Pramod Dabir
- Country (sports): United States
- Born: October 5, 1984 (age 41) Fairfax, Virginia
- Height: 6 ft 2 in (188 cm)

Singles
- Highest ranking: No. 1326 (December 9, 2002)

Doubles
- Career record: 0–1
- Highest ranking: No. 1243 (February 20, 2006)

Grand Slam doubles results
- US Open: 1R (2003)

= Pramod Dabir =

American entrepreneur and investor

Pramod Dabir (born October 5, 1984) is an American entrepreneur, investor, and former competitive tennis player. He is the founder of Open Doors Partners, an investment platform focused on private-market opportunities in technology and artificial intelligence. He is also the founder of West Agile Labs, a digital product engineering firm that was acquired in 2023 in a transaction involving BayLink Capital and Trive Capital.

Following the transaction, West Agile Labs and Wavelabs Technologies were combined to form Veltris, backed by Trive Capital and BayLink Capital, and Dabir assumed the role of President.
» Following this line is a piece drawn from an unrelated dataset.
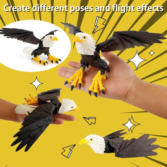 Динамическая гибкость: Модель орла с гибкими крыльями позволяет настраивать положение крыльев, предлагая разнообразные позы и эффекты полета.. Уникальная конструкция шарнира позволяет легко регулировать угол наклона для динамических дисплеев.
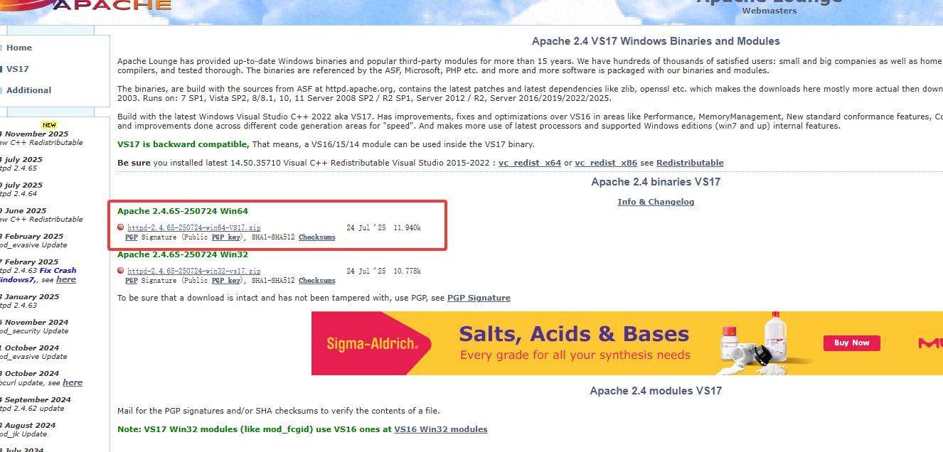 - Apache for Window 访问 https://www.apachelounge.com/download/

== Early life and education ==
Dabir grew up in Monta Vista and was ranked as high as fourth nationally in the United States for the 16s age group, holding the top ranking in Northern California for the 18s division.

The son of engineers, he attended the University of Illinois Urbana–Champaign, where he earned a degree in Electrical Engineering and competed in collegiate tennis.

== Tennis career ==
Dabir played collegiate tennis for the University of Illinois. The Illinois men's tennis team won the 2003 NCAA Division I National Championship and recorded a 64-match winning streak during his tenure, which has been cited as the longest in NCAA men’s tennis history.

In 2003, Dabir partnered with John Isner to win the national doubles title at the USTA Boys’ 18s Championships in Kalamazoo. The pair later competed as wildcards in the men's doubles main draw of the 2003 US Open.

== Career ==
=== Finance ===
After college, Dabir worked in investment banking at Goldman Sachs and later at TA Associates, where he focused on internet and software investing.

=== West Agile Labs and Veltris ===
Dabir founded West Agile Labs and served as its Chief Executive Officer. In 2023, the company was acquired in a transaction involving BayLink Capital and Trive Capital.

In October 2023, Trive Capital and BayLink Capital announced the formation of Veltris through the combination of West Agile Labs and Wavelabs Technologies, with Dabir assuming the role of President.

=== Cents ===
Dabir is a co-founder of Cents, a laundry business management platform serving laundromats and dry cleaners. In 2022, the company raised a $40 million Series B and reported more than $77 million in total funding, with investors including Tiger Global and Bessemer Venture Partners.

=== Open Doors Partners ===
In 2017, Dabir founded Open Doors Partners, an investment platform that structures special purpose vehicles (SPVs) to invest in private companies. The platform has utilized third-party infrastructure providers to support SPV administration and investor onboarding.